Run ID: prod-20260407 Created: 2026-04-07T18:59:37+00:00

Architecture

Property Value
Base family Qwen-Image (MMDiT 20B)
Text encoder Qwen2.5-VL
VAE RGB-VAE
RoPE 2D
Backbone parameters ~20B
License Apache-2.0

Source Models

Alias Model Role License
qwen-image-2512 Qwen/Qwen-Image-2512 foundation Apache-2.0
qwen-image-base Qwen/Qwen-Image ancestry-base Apache-2.0
qwen-image-edit-2511 Qwen/Qwen-Image-Edit-2511 edit-donor Apache-2.0
qwen-image-layered Qwen/Qwen-Image-Layered layer-logic-donor Apache-2.0

Research Method

1. Delta-Edit Merge

The edit capability is transferred to the foundation model via a controlled delta injection:

edit_delta = Qwen-Image-Edit-2511 − Qwen-Image (delta base)
merged     = Qwen-Image-2512 + 0.35 × edit_delta

Only MMDiT backbone tensors are blended. Text encoder, VAE, and RoPE components are passed through from the foundation checkpoint unchanged.

  • Strategy: slerp
  • Blend coefficient: 0.35
  • Foundation: Qwen/Qwen-Image-2512
  • Excluded subsystems: text_encoder, vae, rope

2. Abliteration (Refusal-Direction Removal)

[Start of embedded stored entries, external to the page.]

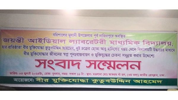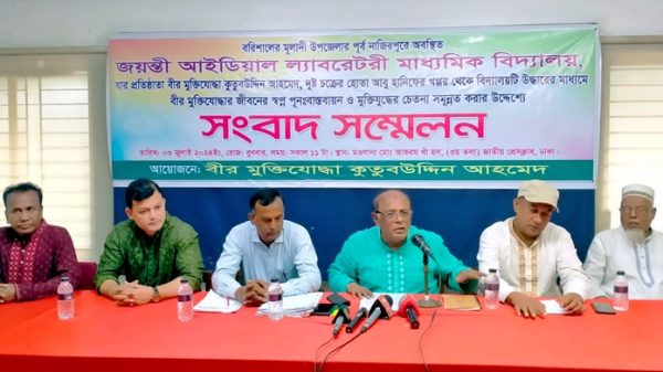 নিজস্ব প্রতিবেদকঃ বরিশাল জেলার মূলাদী উপজেলার পূর্ব নাজিরপুর গ্রামে অবস্থিত জয়ন্তী আইডিয়াল ল্যাবঃ মাধ্যমিক বিদ্যালয়ের ঐতিহ্য রক্ষায় ৩ জুলাই বুধবার জাতীয় প্রেসক্লাবে সংবাদ সম্মেলন করেন বিদ্যালয়ের প্রতিষ্ঠাতা বীর মুক্তিযোদ্ধা কুতুবউদ্দিন
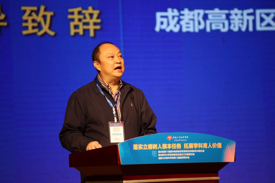 四川省教育科学研究院党总支书记、院长刘涛,成都高新区教育文化和卫生健康局局长彭涌,中国教育学会中小学德育研究分会副秘书长王磊,教育部《道德与法治》统编教材分册主编吴蓉,成都市教育学会会长王志坚,四川师范大学教授刘永康、李华平,成都大学教授陈明华等20余位专家学者、领导嘉宾出席开幕式。开幕式由《教育科学论坛》崔勇主编主持,成都七中初中学校李笑非校长致辞,彭涌局长发表讲话。
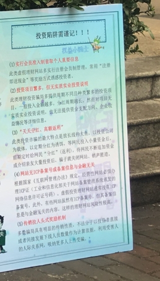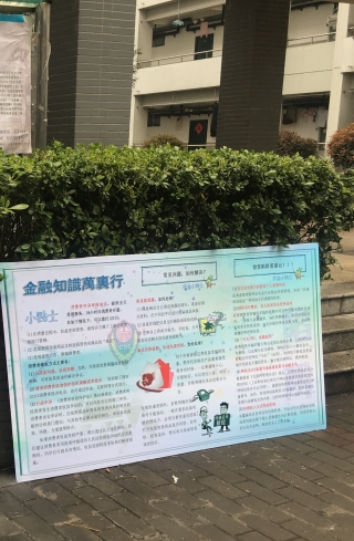 前两项活动结束后,志愿者们立即整理相关活动资料和图片,制作展板,为最后一个针对大学生的金融知识普及环节做准备。2017516日,志愿者们将制作好的展板摆放于宿舍内大道两旁,学生们每天都能路过并关注其内容。
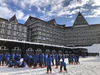 今日の天気は雲がかかって雪か小雨が降るような天気でした。そのためスキー場の写真は白黒のように見えます。午前中の研修開始から早速リフトに乗って初級者コースを滑り始める班もありました。昨日ホテルに到着した福岡県の高校2校も加わり、途中からリフトが混雑しました。午後からは全ての班がリフトに乗って斜面を下りながらスキーを楽しんでいました。2日間で合計約7時間のスキー研修でかなり滑れるようになっていました。インストラクターの皆様ありがとうございました。体調不良者もなく、最後の閉校式に全員そろって参加することができました。明日は1番楽しみにしているディズニーランドです。今日の疲れをしっかり取って、万全の状態で明日を迎えましょう。
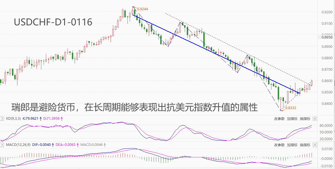ATFX汇市:美元指数延续反弹态势,UDCHF年内已涨超2% ATFX汇市:上周五和本周一,美元指数均以阳线收盘。今日盘中,美元指数呈中阳线形态,如果晚间的美国1月纽约联储制造业指数没有爆冷,美元指数今日以阳线收盘的概率极高。连续三日以阳线收盘,意味着美元指数的反弹态势尚未结束,降息预期并没有显著动摇美指多头持
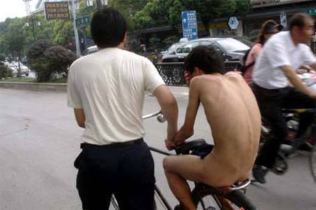 26日,一名推着自行车的男子带着一名脱光衣服的男孩行走在苏州人民路上。据这位推车的男子讲,小孩是他的儿子,经常在外面“闯祸”,读书又不认真,当日将小孩脱光衣服在街头曝光。许多行人目睹后,都为这名家长的行为而气愤。真正的“一丝不挂”,这位稚嫩的孩子被自已的父亲挟持着赤条条地去游街,相信所有的目击者以及从网上看到这则新闻的“目击者”心中都不免有些“那个”!
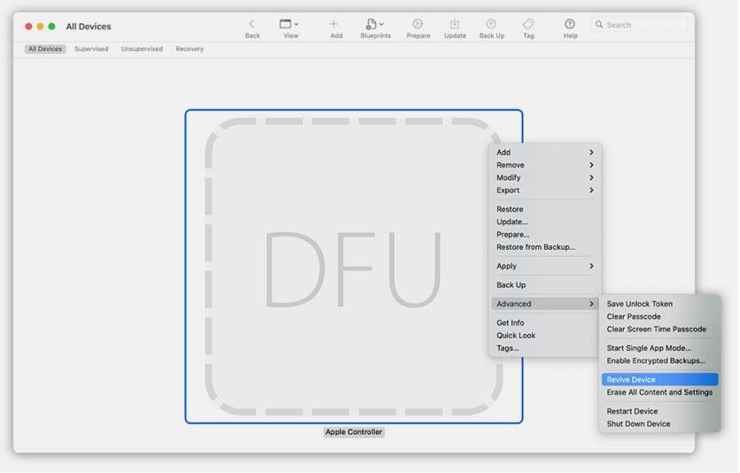 Рабочий Mac с запущенным Apple Configurator 2 распознает подключенный компьютер в DFU-режиме.
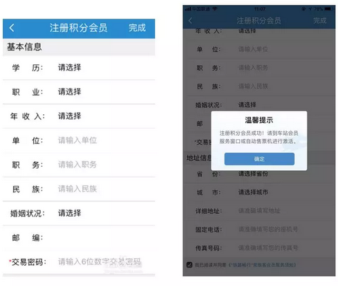 点击填写好个人资料,完成注册后,你会看到提示信息,需要去人工售票窗口或自动售票机进行激活。

Refusal-direction vectors are identified in the residual stream and projected out of target weight matrices using a norm-preserving orthogonal projection:

W′ = W − scale × (W @ r̂) ⊗ r̂    (norm-preserving variant)
  • Target layers: 18+ (attention o_proj + MLP down_proj)
  • Scale: 1.0
  • Mode: norm-preserving (preserves weight magnitude distribution)
  • Recipe: stage-3-abliteration.yaml

3. Quantization

Kind Path
quant_config quant-config.json
  • GGUF targets: Q4_K_M, IQ4_XS (with importance-matrix)
  • EXL2 target: 4.0 bpw
  • Runtime: vLLM-Omni (ROCm), ExLlamaV2

Hardware

  • GPU: AMD Instinct MI300X — 192 GB HBM3 VRAM
  • ROCm: 7.2.0
  • Precision: bf16 (merge + abliterate), quantized (deployment)

Usage

from diffusers import DiffusionPipeline
import torch

pipe = DiffusionPipeline.from_pretrained(
    "ThirdMiddle/Qwen-Image-1.9",
    torch_dtype=torch.bfloat16,
    trust_remote_code=True,
)
pipe = pipe.to("cuda")

image = pipe(
    "a photorealistic portrait of an astronaut on Mars at sunrise",
    num_inference_steps=30,
    guidance_scale=4.0,
).images[0]
image.save("output.png")

License

Apache-2.0 — inherited from all source models.